I liked this movie somewhat and I am incredibly ashamed of myself

Wolverine is a comic book character that is "nasty, brutish and short" (and hairy and I can't get enough of that quote). He is also Canadian. Hugh Jackman is none of these things: cheesy Oscar hosting all-around-nice-guy, tall, Australian, OK he's hairyish I'll give him that, but he's not Wolverine hairy. So, when you're thinking about casting marvel's most iconic mutant character who better to portray the self proclaimed best he is at what he does...and what he does is snkkkt (cheers, Awesomed by Comics) than our good mate Hugh. Yep, that's why they pay Fox executives the big bucks.

I'm being unfair to Hugh, but it was really hard to take this film (X-Men Origins: Wolverine) seriously, all that earnest grunting and howling while looking skyward with claws unretracted. This is no Dark Knight. In spite of it's lumbering attempts at gravitas, it still managed to pose deeply ponderous dramatic questions. Like: Why is Deadpool's mouth sewn shut? Why are there 10 million mutant cameos in this thing? Why is Patrick Stewart's face CGIed onto some random body (Has it gotten this bad these days that CGI is even used for the non-action scenes? Seriously?); did Jean Luc Pickard die without me hearing about it or something? Oh, that's right, X-Men 3.  Why do those stupid werewolf rip-off adamantium bullets mind wipe Wolvie? Why didn't Striker think of using them before the closing scene? They actually paid someone to write this dreck, are you kidding me? Why should I care about any of this?

They say the secret to never being disappointed is having low expectations. And no one could have had lower expectations for this movie than I did. I just saw Dragonball the Movie last week.
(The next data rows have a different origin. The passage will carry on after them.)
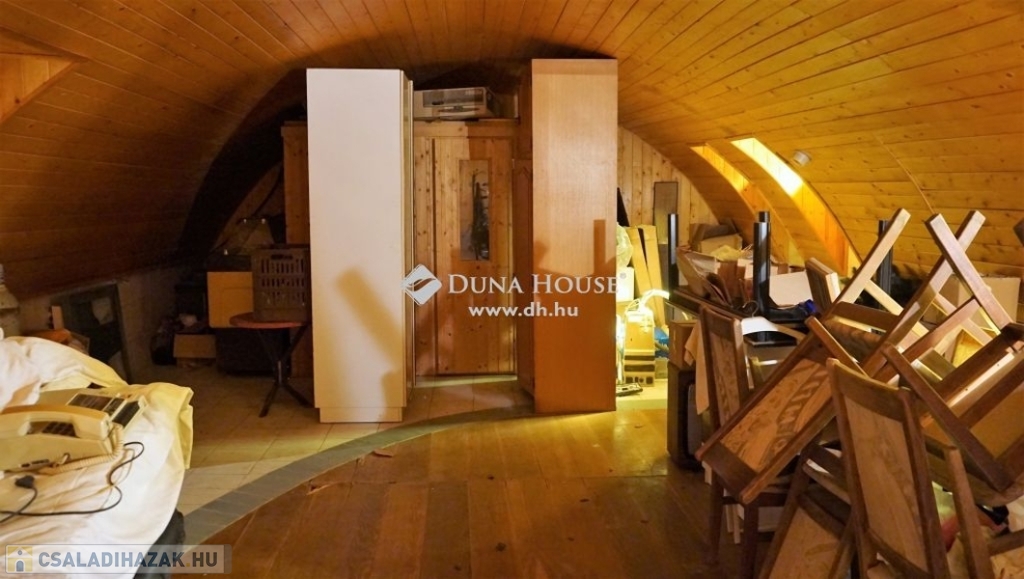 Az utcafrontról nem érzékelhető, de az ingatlan kétszintes, mivel domboldalba épült a terület enyhén lejtős.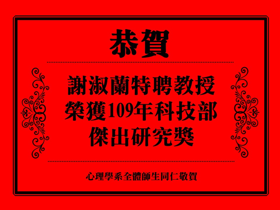 【賀】本系謝淑蘭教授獲109年度科技部傑出研究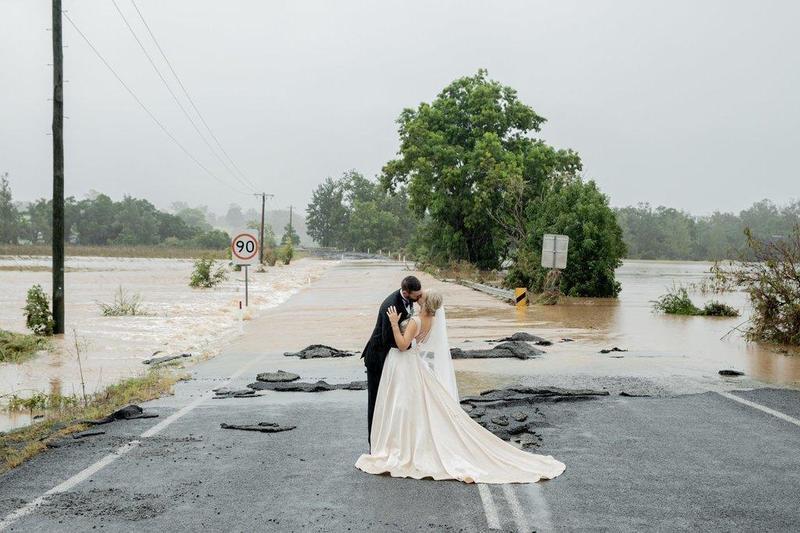 Ni las peores inundaciones en 50 años en Australia pudieron evitar su boda: la novia llegó en helicóptero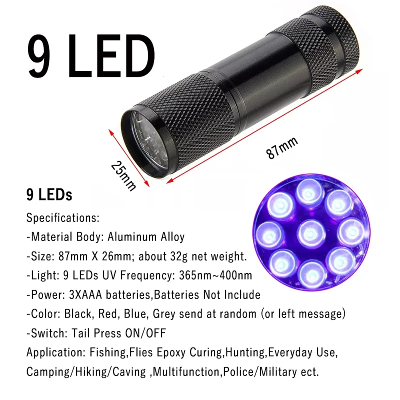 -Luz: 9 LED Frecuencia UV: 365nm ~ 400nm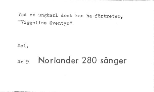 //// Vad en ungkarl dock kan ha förtreter, "Viggelins äventyr" //// Mel. Nr 9 //// Noriander 280 sånger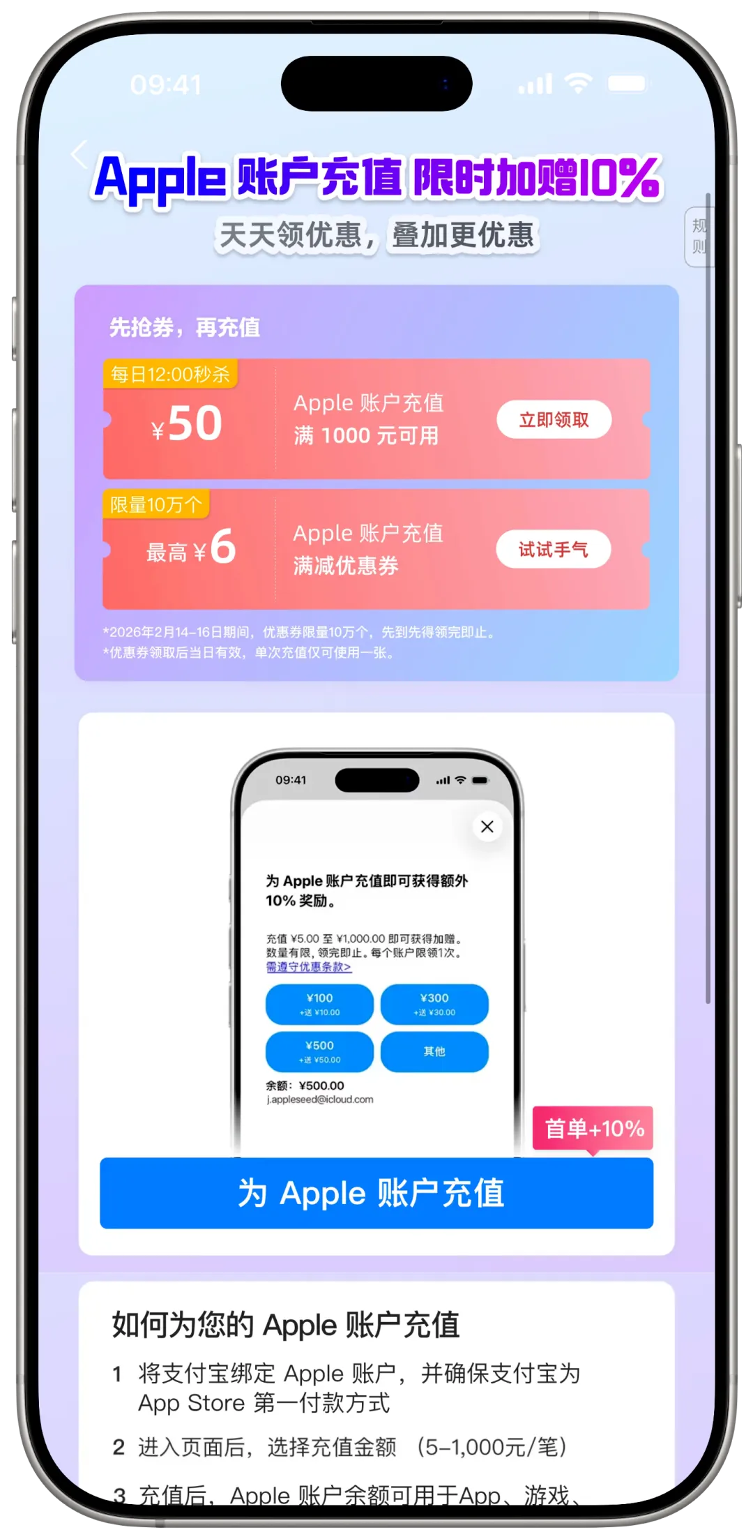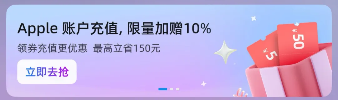 如果你的付款方式是支付宝的话还可以去支付宝搜索Apple 专区里面领取充值满减优惠券,几毛几块不嫌多。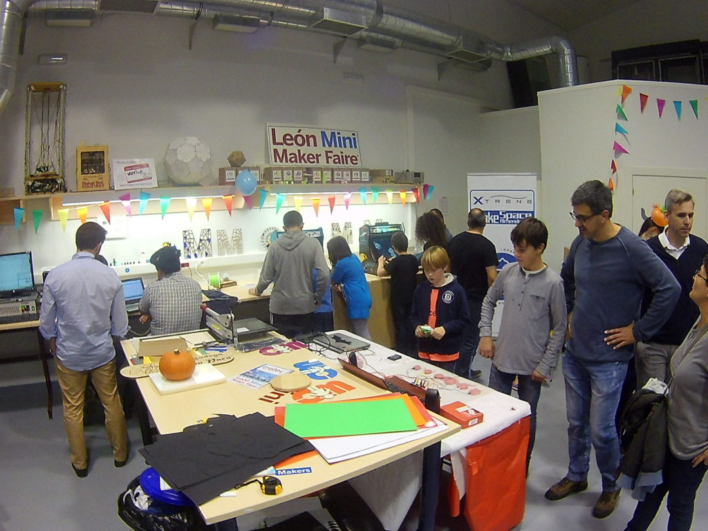 Por segundo año consecutivo, Fablab León nos ha invitado a este maravilloso evento (gracias Nuria…). Durante este fin de semana, Xtrene trasladó hasta León parte de su laboratorio e inventos para participar en este evento internacional. Además impartió talleres dirigidos a jóvenes: Plastilina conductiva e Iniciación a la electrónica. Para finalizar ofreció una charla sobre el proyecto RincónMaker-FurgoTIC que despertó gran interés entre los asistentes.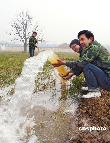 河南省溫縣南張羌鎮(zhèn)大學(xué)生“村官”幫扶馬莊村村民澆灌小麥。春節(jié)后上班以來,該縣250余名大學(xué)生“村官”組成青年抗旱突擊隊(duì),幫扶全縣困難群眾及未返鄉(xiāng)人員家屬抗旱澆麥,解決他們的后顧之憂。

That's the level of putridness I was expecting. Instead I got a moderately entertaining movie. I really didn't want to like it, there was so much wrong with it and yet I still enjoyed the damn thing. Hugh Jackman: one. Me: zero. Comparison is how I make sense of the world, so here's a list of some of the comic movies this was better than: Watchmen (yep, I said it), X-Men (yep I said it),  Ghost Rider, Superman Returns, Elektra, Daredevil, Catwoman, those horrible Fantastic Four movies, etc, etc. If you feel like some mindless entertainment give it a watch.